SEBANYAK 4 pelatih yang paling sukses di Piala AFF akan diulas Okezone. Dalam sejarahnya, tak banyak pelatih yang sanggup memenangkan trofi Piala AFF.
Bahkan pelatih sekelas Sven-Goran Eriksson dan Bryan Robson saja gagal membawa tim asuhannya juara Piala AFF. Lantas, pelatih mana saja yang paling berprestasi di Piala AFF?
Berikut 4 pelatih yang paling sukses di Piala AFF:
4. Alexandre Polking (Thailand, 2020 dan 2022)
Alexandre Polking masuk ke jajaran pelatih paling sukses di Piala AFF. Ia tercatat membantu Thailand juara Piala AFF 2020 dan Piala AFF 2022.
Semalam, pelatih keturunan Brasil-Jerman ini membawa Thailand menang 1-0 atas Vietnam di leg II final Piala AFF 2022. Hasil itu membuat Thailand keluar sebagai juara Piala AFF 2022 setelah menang agregat 3-2 atas sang lawan.

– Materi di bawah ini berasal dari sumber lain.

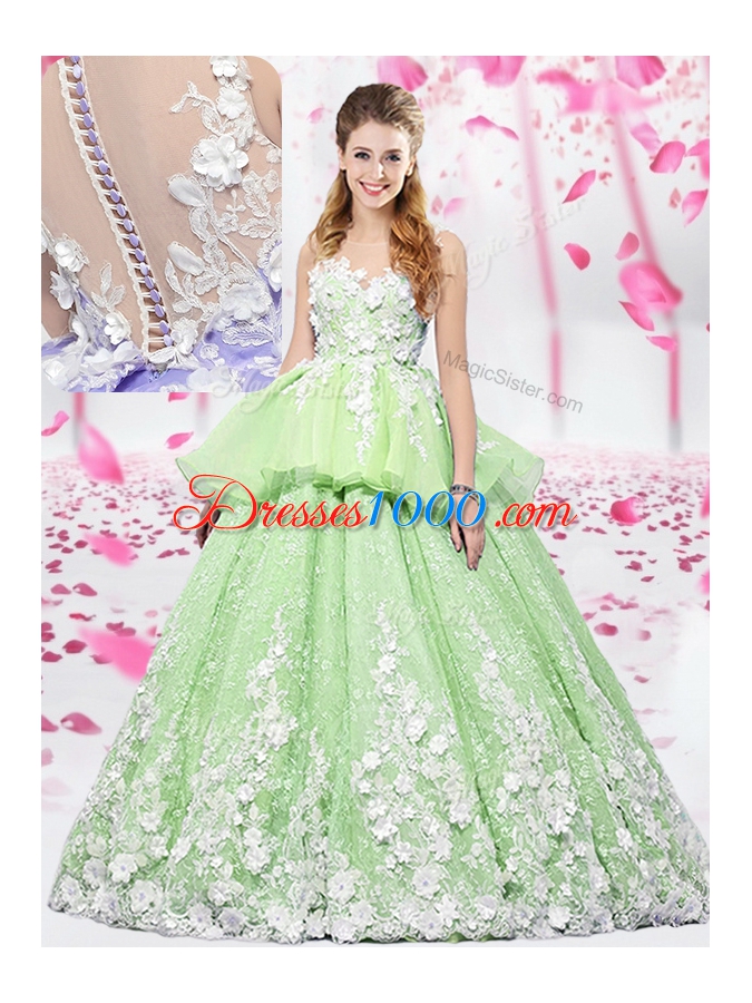 Scoop Sleeveless Lace Up Floor Length Lace and Appliques 15 Quinceanera Dress

3. Kiatisuk Senamuang (Thailand, 2014 dan 2016)
Kiatisuk Senamuang merupakan satu-satunya pelatih asal Asia Tenggara yang masuk ke dalam daftar ini. Ia membawa Thailand juara Piala AFF 2014 (mengalahkan Malaysia) dan 2016 (menumbangkan Indonesia).

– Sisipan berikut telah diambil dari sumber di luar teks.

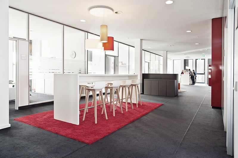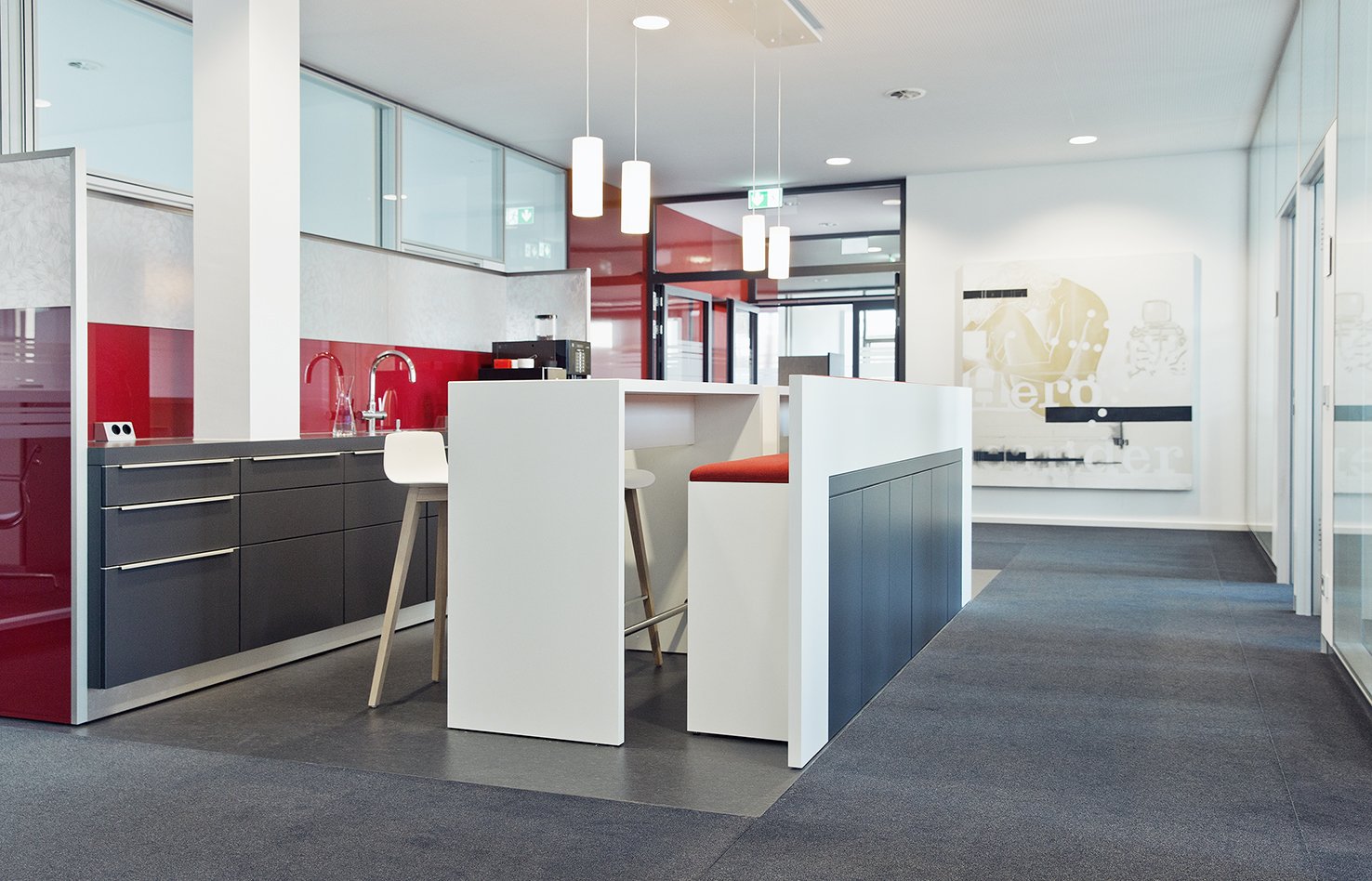 With reference to the basic cap style and the straight architectural lines of the DHPG building, the designers created distinctive tea kitchens, printer zones and communication elements – which add the perfect finishing touches to the overall concept.

Medio 2017, Kiatisuk Senamuang memutuskan mengundurkan diri dari jabatan pelatih Timnas Thailand. Keputusan itu diambil setelah Thailand hanya meraup satu angka dari 10 pertandingan di babak ketiga Kualifikasi Piala Dunia 2018 zona Asia.

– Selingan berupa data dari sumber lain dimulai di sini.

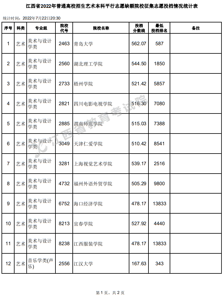 現(xiàn)將“江西省2022年普通高校招生藝術(shù)本科平行志愿缺額院校征集志愿投檔情況統(tǒng)計(jì)表”予以公布,點(diǎn)擊下面附件下載查閱。
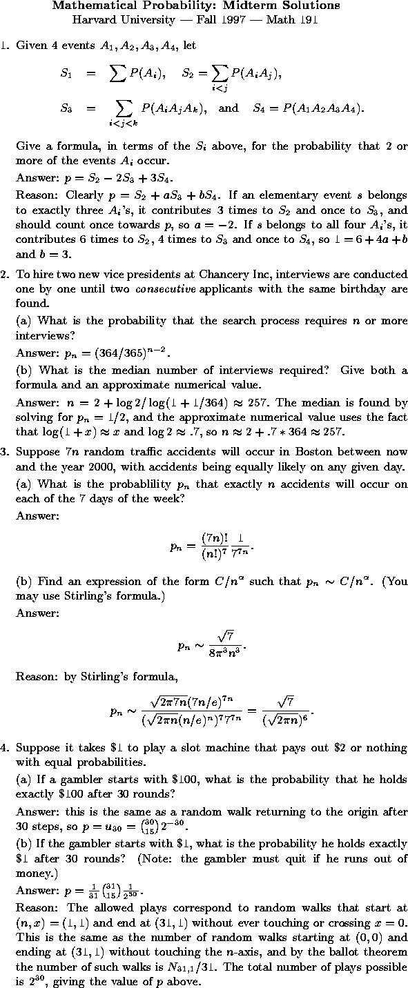Mathematical Probability: Midterm

2. Radojko Avramovic (Singapura, 2004, 2007 dan 2012)
Radojko Avramovic merupakan pelatih tersukses di ajang Piala AFF. Pelatih asal Serbia ini membawa Singapura tiga kali juara Piala AFF, yakni pada 2004 (mengalahkan Indonesia), 2007 (menumbangkan Thailand) dan 2012 (menghajar Thailand).
Dalam sejarahnya, tak ada satu pun pelatih yang bisa mengemulasi kesuksesan Radojko Avramovic. Akankah Alexandre Polking menjadi sosok pertama yang bisa melakukannya di Piala AFF 2024?
1. Peter Withe (Thailand, 2000 dan 2002)
Di posisi puncak ada pelatih Timnas Indonesia periode 2004-2007, Peter Withe. Pelatih asal Inggris ini membawa Thailand juara Piala AFF 2000 dan 2002 setelah mengalahkan Timnas Indonesia dalam dua laga final tersebut.
Keberhasilan Peter Withe di atas menarik hati PSSI. Federasi Sepakbola Indonesia ini pun mengontrak Peter Withe pada 2004 dengan harapan, legenda Aston Villa ini dapat mendongkrak prestasi skuad Garuda.
Namun, hasilnya jauh panggang dari api. Setelah finis runner-up di Piala AFF 2004, langkah Timnas Indonesia terhenti di fase grup Piala AFF 2007. Ini merupakan yang pertama, kiprah Timnas Indonesia di Piala AFF terhenti di fase grup.